Movies about diseases are always an intense experience attacking painful details that push any viewer towards a sensitive area, activating their empathy. However, there are certain films of this kind that provide an almost unbearable perspective on disease, since the director’s choice is precisely to eliminate the distance between the viewer and the character, introducing us into the personal perception of the protagonist. One such project that impresses not only by the accuracy with which it illustrates the effects of an inexplicable real illness, but also by the painful intimacy created between the spectator and the character is ‘Clustifer‘, which often forces the limits of our endurance to become familiar with the drama of a man confronted with the bizarre effects of cluster headache. Avoiding conventional narrative structures that also attack an epic thread adjacent to the perspective on the disease, director Karim Araman creates in his short film a demonic symphony as a continuous agonic nightmare, focusing strictly on the depiction of physical and emotional pain through a penetrating and staggering cinematic language. The pain thus achieves an overwhelming concreteness, materializing both in cruel crepuscular images capturing the victim’s spasmodic contortions, but also in almost dark incantation musical passages that enclose an authentic life experience in a gloomy universe haunted by the devilish spectrum of the disease.
When pain strikes spontaneously, when you are nothing more than a mouse caught in the trap of a malicious feline preferring a slow torture instead of a sudden death, your body becomes your greatest enemy.
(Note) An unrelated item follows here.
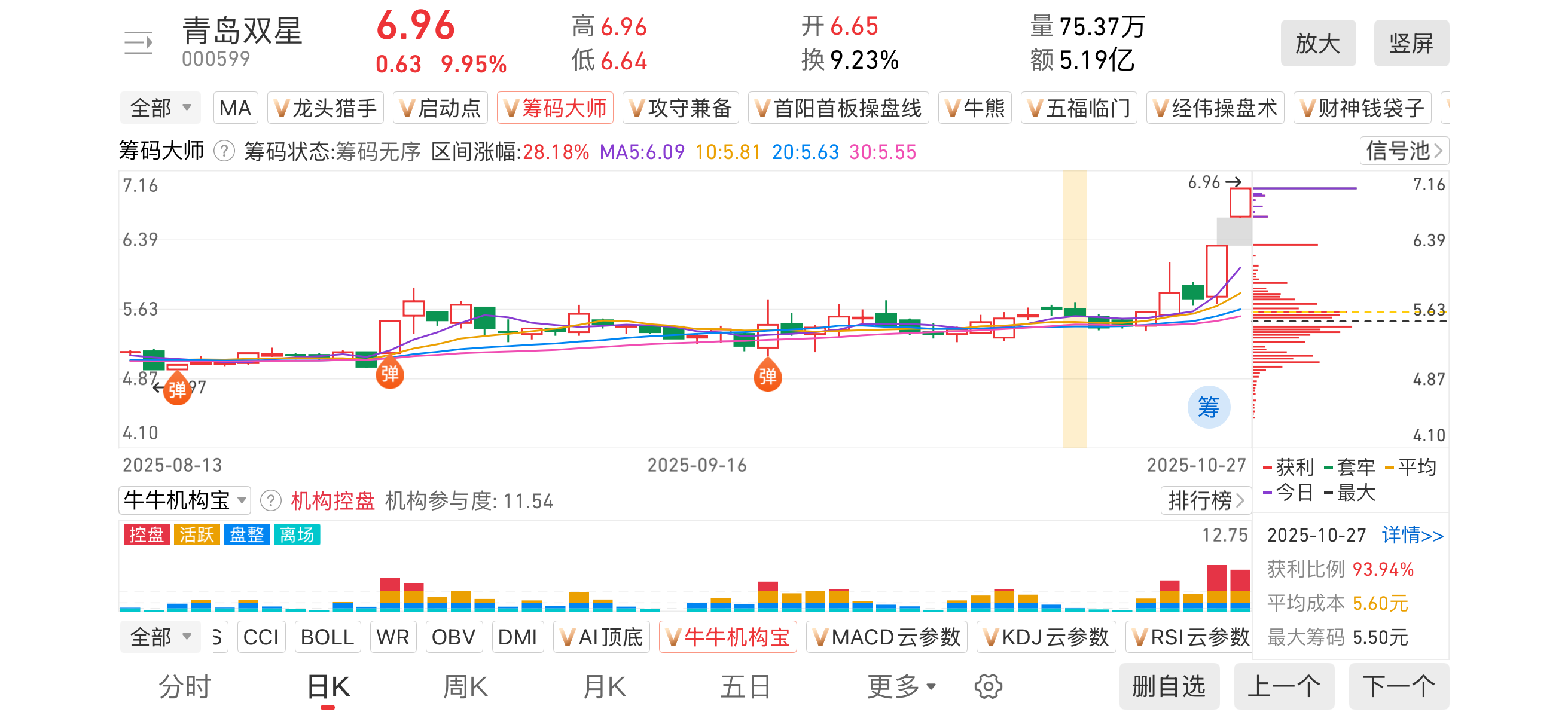 3)20251027-青岛双星-【筹码大师】和【牛牛机构宝】-近期出现弹信号且底部量柱由绿转红
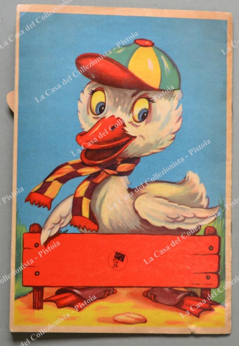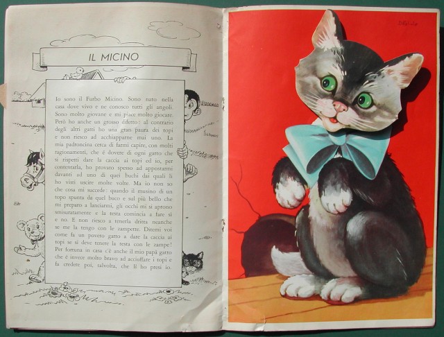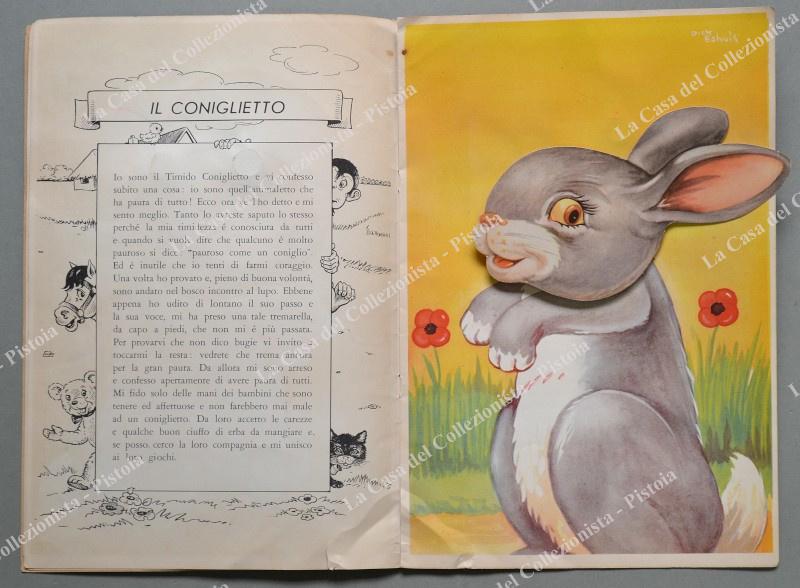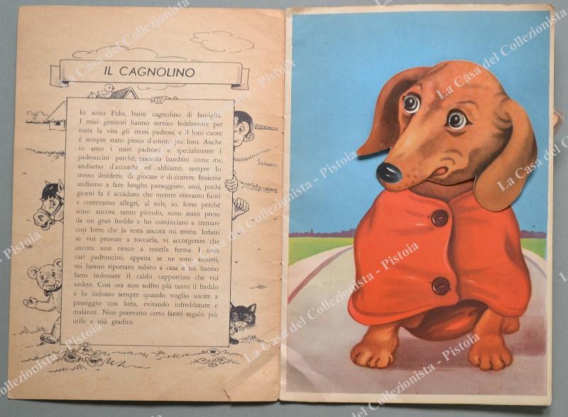 LIBRO PER BAMBINI. "I nostri cari amici". A colori e databile negli anni '50. Misura cm 21x31 e a ogni pagina di testo corrisponde a fronte una pagina disegnata a colori raffigurante un animale (un cane, un pulcino, un coniglio, un gatto, un agnello, un gallo) la cui testa è mobile essendo unita con una molla. A parte uno strappetto alla base di ogni pagina la conservazione è buona. (Rif.A7639-135/46)

Karim experiences this perverse form of captivity, daily facing the impossibility of understanding or overcoming the inexplicable agony of a mysterious headache.
The difficulty in rendering in a few words the plot of this short film comes precisely from the intelligence with which director Karim Araman manages to provide us with a brief and piercing overview of a subjective organic experience without using the classical principles of a narrative. At the same time, the protagonist illustrates the universal typology of the unfortunate victim or the incarnation of a destiny haunted by the presence of an unpredictable disease that challenges the coherence of a conventional dysfunction. Moreover, the apparent banality of the existence of this ordinary protagonist, who rather ticks the principles of the contemporary anti-hero, makes the devastating impact of the disease even more unbearable for the viewer. The happy ending can wait. ‘Clustifer’ thus marks a shocking experience that speaks of the pain of a character who at any time can be any of us.